SUPPLIED MATERIAL
'''
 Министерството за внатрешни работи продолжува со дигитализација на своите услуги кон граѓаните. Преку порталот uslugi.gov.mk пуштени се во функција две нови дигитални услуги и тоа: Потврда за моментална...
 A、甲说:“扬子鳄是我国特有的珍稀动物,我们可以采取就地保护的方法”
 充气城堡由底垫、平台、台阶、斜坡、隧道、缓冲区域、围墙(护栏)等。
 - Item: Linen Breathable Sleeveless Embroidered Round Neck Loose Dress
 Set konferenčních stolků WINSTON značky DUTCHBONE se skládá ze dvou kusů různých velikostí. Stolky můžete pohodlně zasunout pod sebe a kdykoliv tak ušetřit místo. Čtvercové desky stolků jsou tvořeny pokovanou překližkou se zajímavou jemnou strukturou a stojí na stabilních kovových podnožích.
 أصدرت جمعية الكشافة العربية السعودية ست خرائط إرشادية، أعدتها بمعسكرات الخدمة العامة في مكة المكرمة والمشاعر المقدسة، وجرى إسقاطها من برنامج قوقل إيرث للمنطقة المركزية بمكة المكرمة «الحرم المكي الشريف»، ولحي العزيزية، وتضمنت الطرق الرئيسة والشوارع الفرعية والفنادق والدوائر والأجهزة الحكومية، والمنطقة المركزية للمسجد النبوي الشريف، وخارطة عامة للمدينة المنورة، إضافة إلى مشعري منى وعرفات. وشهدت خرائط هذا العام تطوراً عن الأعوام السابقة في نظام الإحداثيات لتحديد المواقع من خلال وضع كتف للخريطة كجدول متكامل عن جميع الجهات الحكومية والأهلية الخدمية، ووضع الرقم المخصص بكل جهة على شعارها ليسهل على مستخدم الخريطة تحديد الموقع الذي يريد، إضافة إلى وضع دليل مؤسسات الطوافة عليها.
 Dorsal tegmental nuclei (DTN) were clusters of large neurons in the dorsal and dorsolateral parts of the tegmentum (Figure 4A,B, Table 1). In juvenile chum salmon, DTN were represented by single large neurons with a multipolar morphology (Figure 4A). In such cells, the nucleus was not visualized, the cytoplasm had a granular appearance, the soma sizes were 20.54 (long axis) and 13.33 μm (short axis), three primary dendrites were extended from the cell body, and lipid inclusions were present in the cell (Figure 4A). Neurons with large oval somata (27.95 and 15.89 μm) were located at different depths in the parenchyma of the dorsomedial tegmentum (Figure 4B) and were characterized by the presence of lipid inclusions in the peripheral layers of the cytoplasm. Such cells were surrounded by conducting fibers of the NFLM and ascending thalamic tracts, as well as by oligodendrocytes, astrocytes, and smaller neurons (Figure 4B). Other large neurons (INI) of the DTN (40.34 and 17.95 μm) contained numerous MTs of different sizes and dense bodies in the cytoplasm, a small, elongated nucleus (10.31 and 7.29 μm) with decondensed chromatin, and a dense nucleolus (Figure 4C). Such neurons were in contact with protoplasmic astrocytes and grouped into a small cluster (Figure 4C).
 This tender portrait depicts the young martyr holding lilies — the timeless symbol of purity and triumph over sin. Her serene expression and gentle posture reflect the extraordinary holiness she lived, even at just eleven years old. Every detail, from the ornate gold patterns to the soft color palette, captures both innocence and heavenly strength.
'''
'''
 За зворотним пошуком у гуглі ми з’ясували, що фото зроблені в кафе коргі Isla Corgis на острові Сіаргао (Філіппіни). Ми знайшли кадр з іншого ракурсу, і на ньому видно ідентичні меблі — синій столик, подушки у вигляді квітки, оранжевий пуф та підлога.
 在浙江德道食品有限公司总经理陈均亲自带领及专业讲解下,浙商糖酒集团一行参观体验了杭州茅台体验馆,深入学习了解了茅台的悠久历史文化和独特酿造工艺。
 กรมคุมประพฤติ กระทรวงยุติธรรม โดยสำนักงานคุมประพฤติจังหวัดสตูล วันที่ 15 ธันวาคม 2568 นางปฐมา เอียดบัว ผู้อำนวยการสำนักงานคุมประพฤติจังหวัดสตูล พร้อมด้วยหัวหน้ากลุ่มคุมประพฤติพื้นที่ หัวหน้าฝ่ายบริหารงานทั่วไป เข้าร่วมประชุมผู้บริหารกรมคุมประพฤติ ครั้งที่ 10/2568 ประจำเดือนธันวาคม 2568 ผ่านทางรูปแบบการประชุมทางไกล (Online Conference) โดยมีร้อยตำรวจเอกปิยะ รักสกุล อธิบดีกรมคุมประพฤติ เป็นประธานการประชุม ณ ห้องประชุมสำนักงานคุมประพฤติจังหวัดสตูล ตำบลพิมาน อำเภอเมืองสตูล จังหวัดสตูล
'''
'''
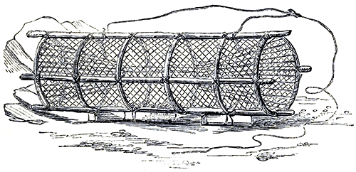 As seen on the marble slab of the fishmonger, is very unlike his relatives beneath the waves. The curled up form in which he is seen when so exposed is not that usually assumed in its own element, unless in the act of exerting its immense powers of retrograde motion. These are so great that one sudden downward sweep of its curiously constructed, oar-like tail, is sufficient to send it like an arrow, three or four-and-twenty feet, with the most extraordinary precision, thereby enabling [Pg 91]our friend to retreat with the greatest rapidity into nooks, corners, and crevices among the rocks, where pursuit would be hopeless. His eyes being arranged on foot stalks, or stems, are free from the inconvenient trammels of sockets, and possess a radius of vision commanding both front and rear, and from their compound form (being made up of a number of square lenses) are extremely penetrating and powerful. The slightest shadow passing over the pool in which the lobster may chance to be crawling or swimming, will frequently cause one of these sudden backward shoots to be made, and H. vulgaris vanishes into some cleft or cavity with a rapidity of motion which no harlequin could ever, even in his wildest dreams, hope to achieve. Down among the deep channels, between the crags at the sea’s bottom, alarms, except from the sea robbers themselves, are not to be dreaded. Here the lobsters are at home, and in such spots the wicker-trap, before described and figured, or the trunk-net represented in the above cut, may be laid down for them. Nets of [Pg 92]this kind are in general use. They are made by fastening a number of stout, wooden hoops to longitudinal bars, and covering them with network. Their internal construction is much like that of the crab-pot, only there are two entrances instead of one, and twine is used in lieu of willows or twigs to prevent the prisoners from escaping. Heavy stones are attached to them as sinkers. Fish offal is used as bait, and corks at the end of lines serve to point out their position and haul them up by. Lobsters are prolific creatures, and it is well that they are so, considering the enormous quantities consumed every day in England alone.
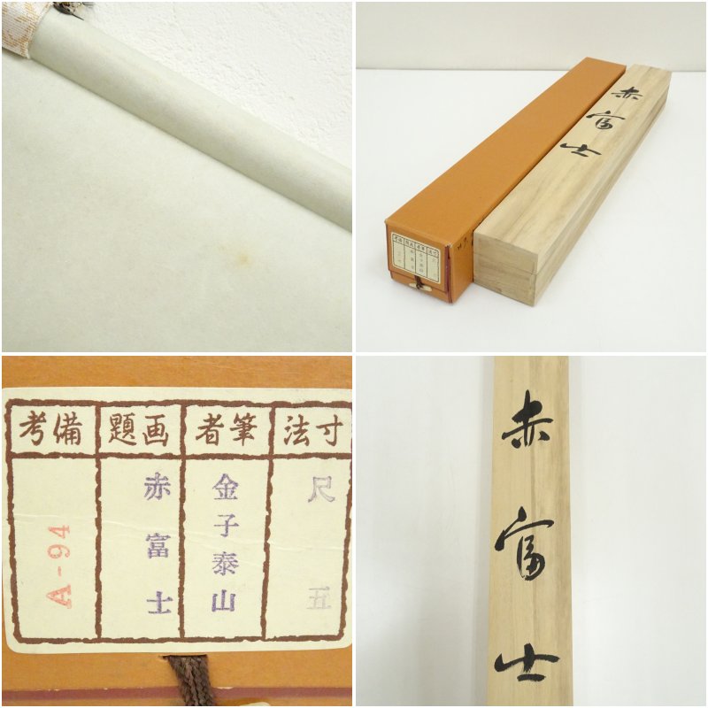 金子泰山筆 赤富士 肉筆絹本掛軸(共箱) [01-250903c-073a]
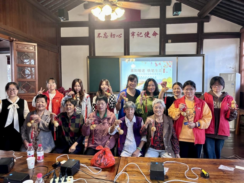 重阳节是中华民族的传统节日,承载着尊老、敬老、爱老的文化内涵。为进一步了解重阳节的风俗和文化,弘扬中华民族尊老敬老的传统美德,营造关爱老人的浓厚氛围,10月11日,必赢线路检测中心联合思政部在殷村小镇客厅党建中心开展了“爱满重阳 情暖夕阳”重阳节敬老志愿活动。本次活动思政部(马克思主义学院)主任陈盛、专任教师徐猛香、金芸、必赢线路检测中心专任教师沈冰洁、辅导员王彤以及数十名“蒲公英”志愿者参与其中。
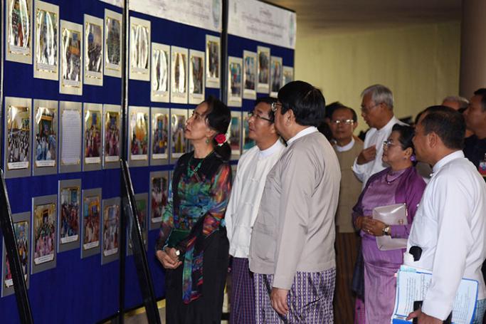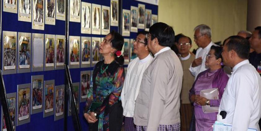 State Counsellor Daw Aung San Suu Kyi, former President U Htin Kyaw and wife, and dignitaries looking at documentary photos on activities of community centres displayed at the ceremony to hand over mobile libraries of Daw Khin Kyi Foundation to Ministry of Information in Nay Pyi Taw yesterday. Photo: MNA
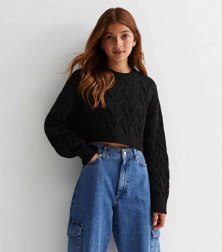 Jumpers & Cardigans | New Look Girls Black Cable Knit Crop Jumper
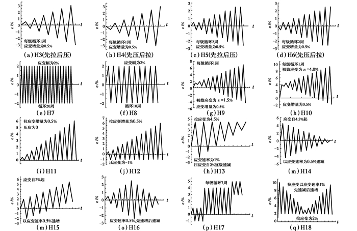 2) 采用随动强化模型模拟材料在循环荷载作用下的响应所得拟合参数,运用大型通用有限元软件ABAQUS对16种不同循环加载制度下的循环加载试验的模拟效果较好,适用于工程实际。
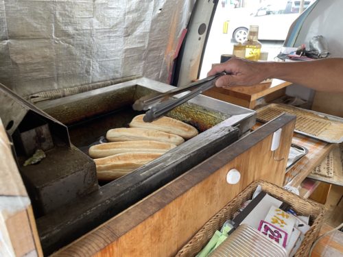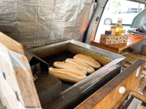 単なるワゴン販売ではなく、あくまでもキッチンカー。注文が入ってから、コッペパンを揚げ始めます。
'''
WHAT IS BEING ASKED
Write out exactly the lines above between the one with "State Counsellor Daw" and the one with "単なるワゴン販売ではなく、あ", inclusive, with pictures left out.

ANSWER TO THIS TASK
 State Counsellor Daw Aung San Suu Kyi, former President U Htin Kyaw and wife, and dignitaries looking at documentary photos on activities of community centres displayed at the ceremony to hand over mobile libraries of Daw Khin Kyi Foundation to Ministry of Information in Nay Pyi Taw yesterday. Photo: MNA
 Jumpers & Cardigans | New Look Girls Black Cable Knit Crop Jumper
 2) 采用随动强化模型模拟材料在循环荷载作用下的响应所得拟合参数,运用大型通用有限元软件ABAQUS对16种不同循环加载制度下的循环加载试验的模拟效果较好,适用于工程实际。
 単なるワゴン販売ではなく、あくまでもキッチンカー。注文が入ってから、コッペパンを揚げ始めます。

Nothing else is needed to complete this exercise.